Your copy should begin with the line containing "By right-clicking on the", end with the line containing "UNITANK工藝又稱一體化", match the listing below exactly, and contain no pictures.
Start of EXTRACTED ENTRIES
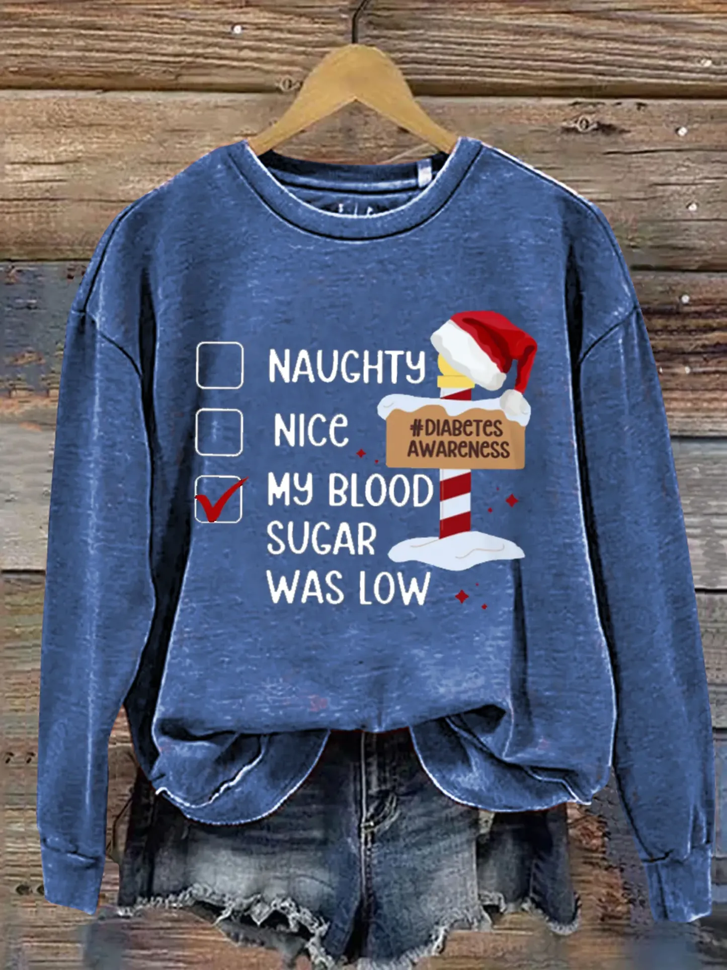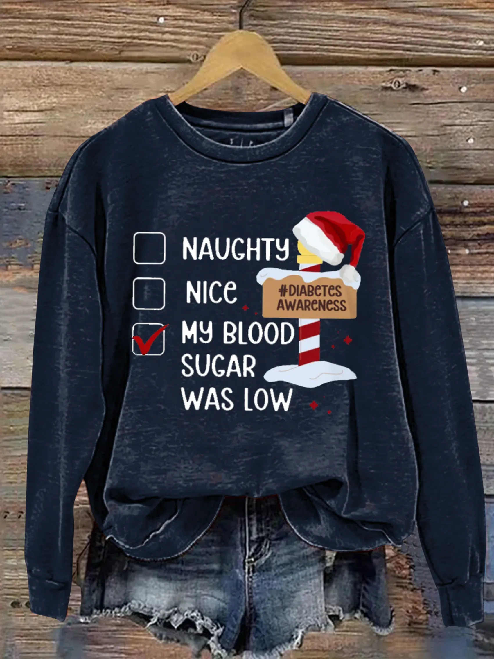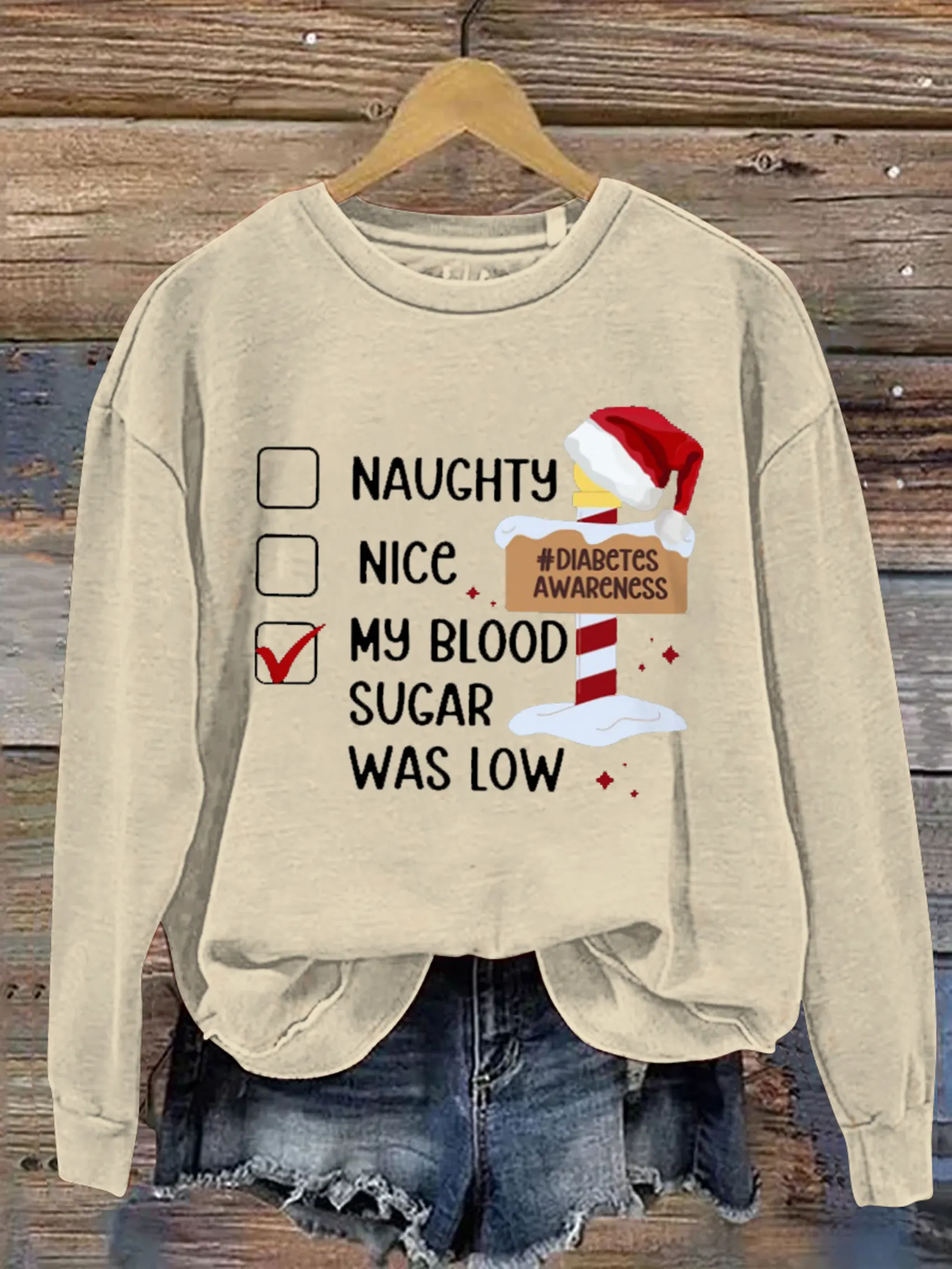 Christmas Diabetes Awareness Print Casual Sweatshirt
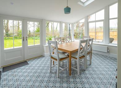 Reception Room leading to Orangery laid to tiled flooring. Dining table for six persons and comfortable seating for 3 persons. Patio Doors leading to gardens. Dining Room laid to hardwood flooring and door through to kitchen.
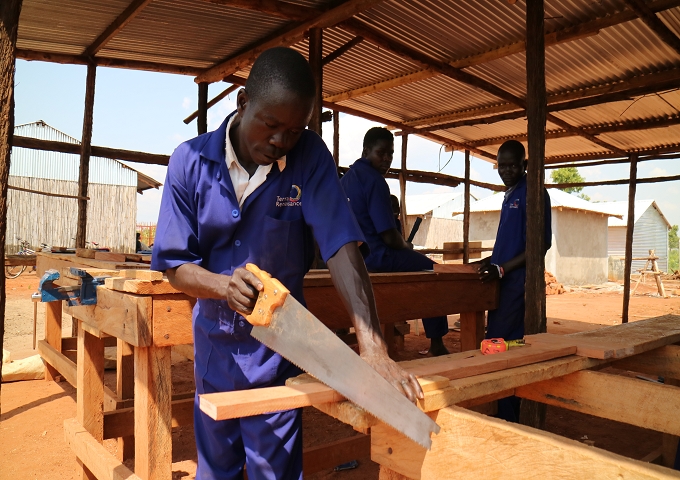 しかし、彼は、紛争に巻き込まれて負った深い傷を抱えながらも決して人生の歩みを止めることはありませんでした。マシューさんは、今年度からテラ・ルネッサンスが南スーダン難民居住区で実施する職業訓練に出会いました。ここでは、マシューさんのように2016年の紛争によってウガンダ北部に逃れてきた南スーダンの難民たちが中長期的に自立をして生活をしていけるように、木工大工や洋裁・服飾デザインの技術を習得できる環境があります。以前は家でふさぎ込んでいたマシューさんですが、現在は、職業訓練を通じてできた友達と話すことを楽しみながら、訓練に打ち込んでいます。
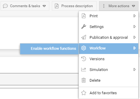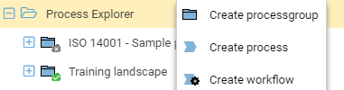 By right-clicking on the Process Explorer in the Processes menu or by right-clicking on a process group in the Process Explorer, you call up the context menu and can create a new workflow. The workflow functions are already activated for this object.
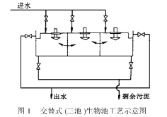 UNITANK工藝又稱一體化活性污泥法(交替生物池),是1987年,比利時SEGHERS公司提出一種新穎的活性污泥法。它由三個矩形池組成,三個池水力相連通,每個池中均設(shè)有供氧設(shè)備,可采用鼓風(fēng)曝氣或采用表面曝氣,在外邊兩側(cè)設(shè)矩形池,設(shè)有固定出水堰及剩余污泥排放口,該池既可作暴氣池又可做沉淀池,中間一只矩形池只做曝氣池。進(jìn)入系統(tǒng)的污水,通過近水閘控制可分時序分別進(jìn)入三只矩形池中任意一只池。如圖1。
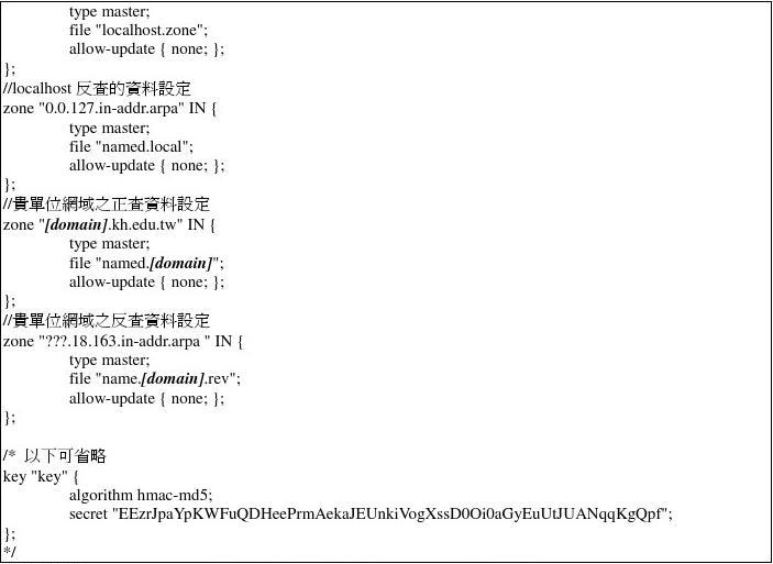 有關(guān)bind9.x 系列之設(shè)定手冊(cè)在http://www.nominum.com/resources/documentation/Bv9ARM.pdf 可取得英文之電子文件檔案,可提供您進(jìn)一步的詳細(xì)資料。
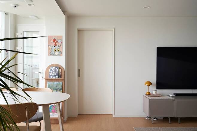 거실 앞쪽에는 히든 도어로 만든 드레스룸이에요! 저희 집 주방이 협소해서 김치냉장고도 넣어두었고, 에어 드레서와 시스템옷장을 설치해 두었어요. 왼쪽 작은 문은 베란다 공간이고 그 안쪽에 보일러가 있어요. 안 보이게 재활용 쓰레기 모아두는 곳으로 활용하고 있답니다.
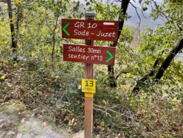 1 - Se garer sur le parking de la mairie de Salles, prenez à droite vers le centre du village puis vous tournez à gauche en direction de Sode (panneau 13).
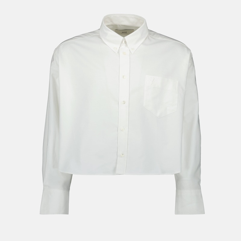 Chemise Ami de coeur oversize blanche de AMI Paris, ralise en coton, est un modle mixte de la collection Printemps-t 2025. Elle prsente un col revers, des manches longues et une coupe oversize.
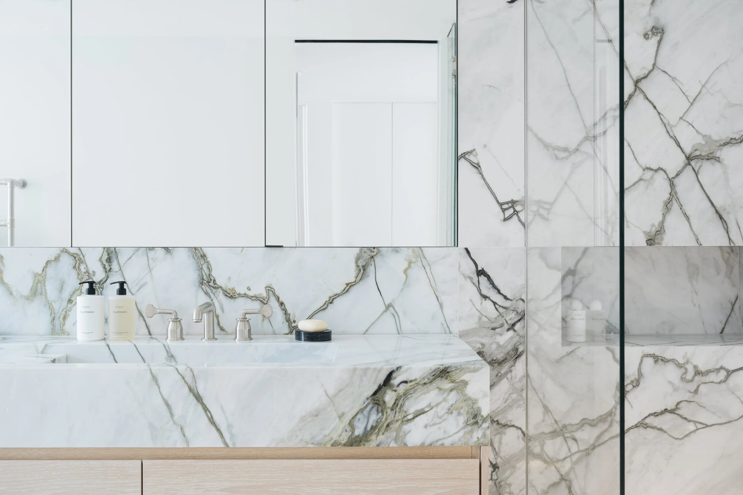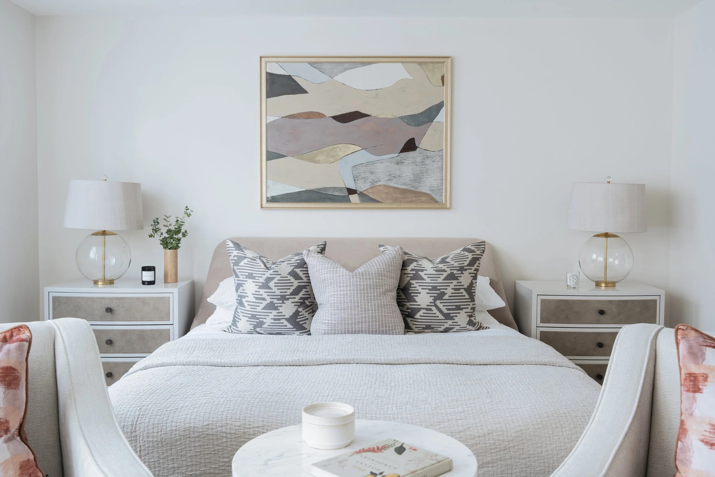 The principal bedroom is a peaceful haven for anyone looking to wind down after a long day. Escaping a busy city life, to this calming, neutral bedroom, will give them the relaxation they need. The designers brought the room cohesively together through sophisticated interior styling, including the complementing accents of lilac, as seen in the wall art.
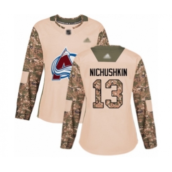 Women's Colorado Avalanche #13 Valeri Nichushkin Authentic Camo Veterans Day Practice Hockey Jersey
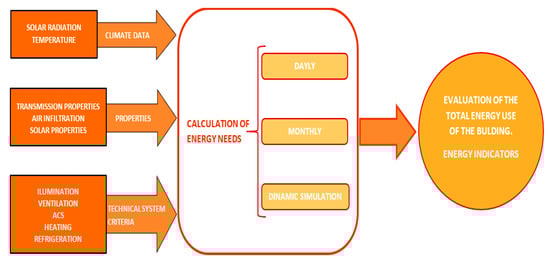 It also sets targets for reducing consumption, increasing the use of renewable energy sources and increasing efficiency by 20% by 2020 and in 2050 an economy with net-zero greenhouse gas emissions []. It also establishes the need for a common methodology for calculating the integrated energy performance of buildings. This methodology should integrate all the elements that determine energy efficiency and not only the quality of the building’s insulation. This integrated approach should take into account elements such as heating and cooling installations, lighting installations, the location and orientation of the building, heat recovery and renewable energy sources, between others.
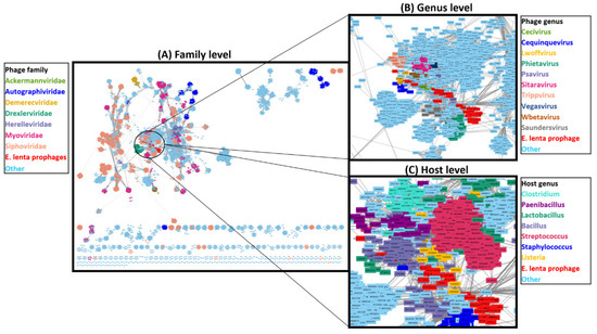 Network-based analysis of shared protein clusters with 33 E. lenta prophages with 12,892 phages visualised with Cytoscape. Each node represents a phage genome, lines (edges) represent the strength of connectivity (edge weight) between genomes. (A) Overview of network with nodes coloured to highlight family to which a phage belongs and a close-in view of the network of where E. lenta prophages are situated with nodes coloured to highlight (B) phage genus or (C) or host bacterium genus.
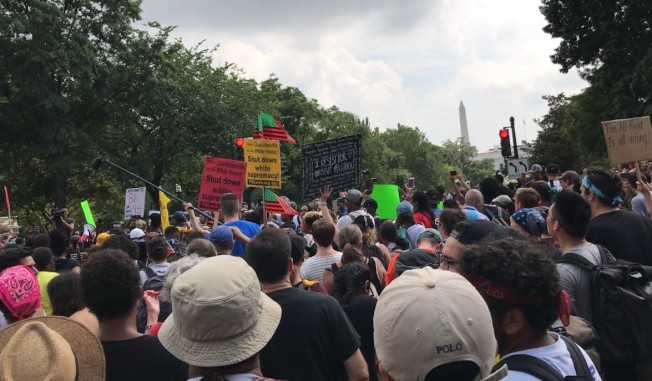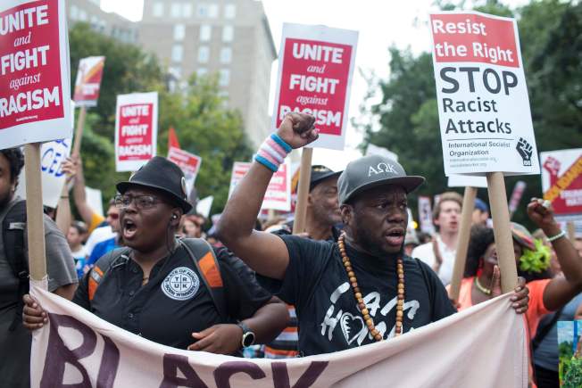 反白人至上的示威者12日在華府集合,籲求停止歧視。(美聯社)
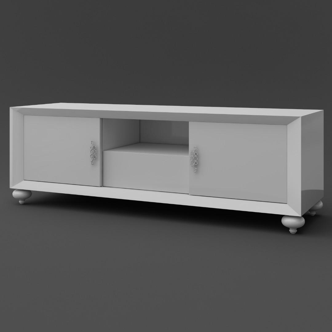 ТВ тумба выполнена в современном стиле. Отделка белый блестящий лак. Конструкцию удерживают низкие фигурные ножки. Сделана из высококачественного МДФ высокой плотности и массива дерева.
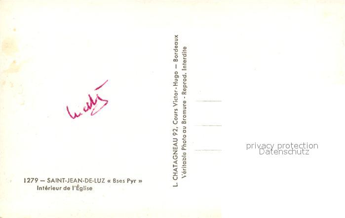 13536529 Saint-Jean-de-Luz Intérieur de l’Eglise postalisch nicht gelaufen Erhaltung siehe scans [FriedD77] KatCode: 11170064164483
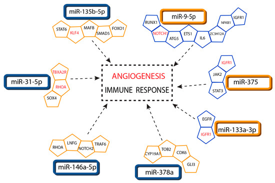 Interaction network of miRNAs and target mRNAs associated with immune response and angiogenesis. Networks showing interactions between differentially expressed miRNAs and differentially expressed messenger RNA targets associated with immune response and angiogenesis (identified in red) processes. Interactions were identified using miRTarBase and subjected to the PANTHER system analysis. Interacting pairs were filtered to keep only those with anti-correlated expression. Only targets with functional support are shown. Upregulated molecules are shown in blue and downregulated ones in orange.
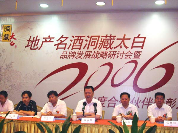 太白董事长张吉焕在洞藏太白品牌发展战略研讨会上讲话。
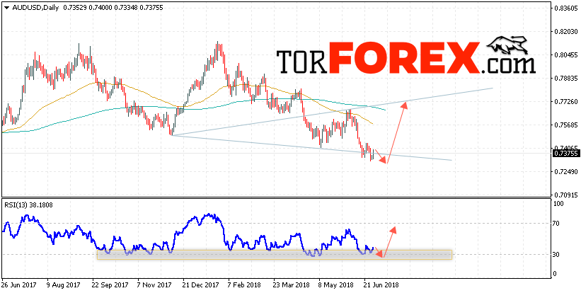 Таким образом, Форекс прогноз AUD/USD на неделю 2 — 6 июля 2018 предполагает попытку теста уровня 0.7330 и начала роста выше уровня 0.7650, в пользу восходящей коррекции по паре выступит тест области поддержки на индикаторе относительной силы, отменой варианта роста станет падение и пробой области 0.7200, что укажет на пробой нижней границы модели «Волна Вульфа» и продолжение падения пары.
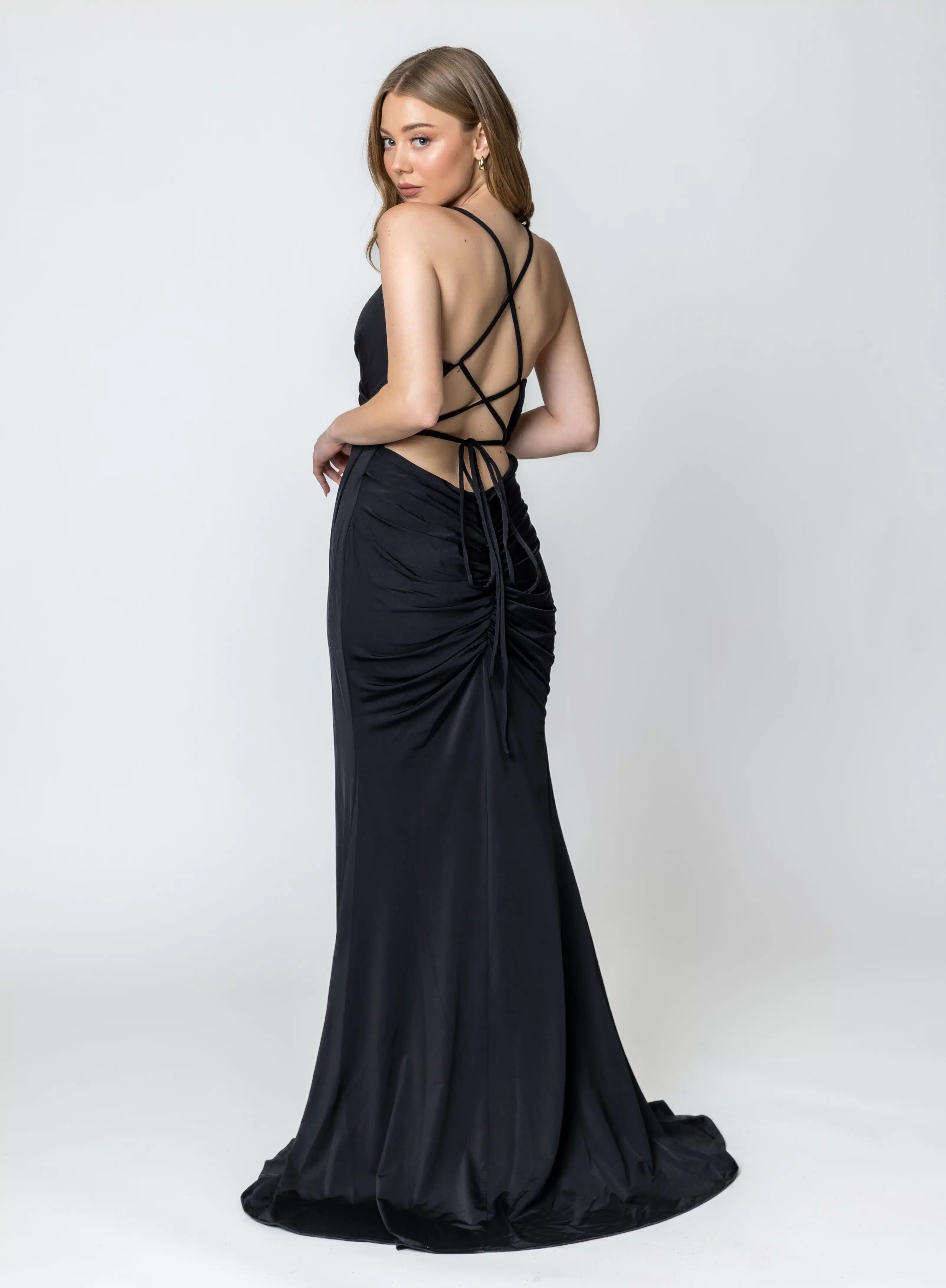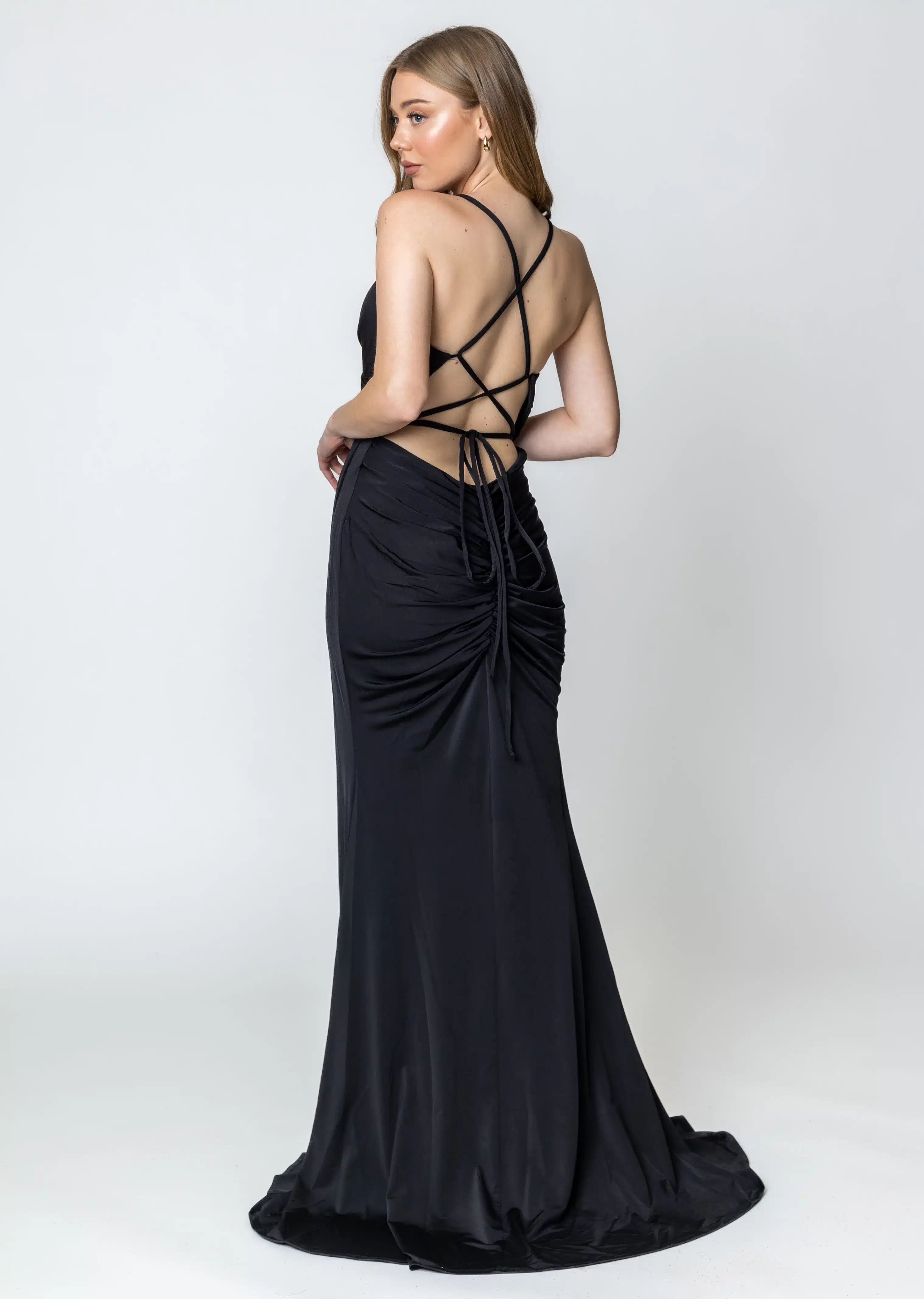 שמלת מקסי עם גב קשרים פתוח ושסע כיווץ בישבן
End of EXTRACTED ENTRIES
> EXPECTED OUTPUT:
 By right-clicking on the Process Explorer in the Processes menu or by right-clicking on a process group in the Process Explorer, you call up the context menu and can create a new workflow. The workflow functions are already activated for this object.
 UNITANK工藝又稱一體化活性污泥法(交替生物池),是1987年,比利時SEGHERS公司提出一種新穎的活性污泥法。它由三個矩形池組成,三個池水力相連通,每個池中均設(shè)有供氧設(shè)備,可采用鼓風(fēng)曝氣或采用表面曝氣,在外邊兩側(cè)設(shè)矩形池,設(shè)有固定出水堰及剩余污泥排放口,該池既可作暴氣池又可做沉淀池,中間一只矩形池只做曝氣池。進(jìn)入系統(tǒng)的污水,通過近水閘控制可分時序分別進(jìn)入三只矩形池中任意一只池。如圖1。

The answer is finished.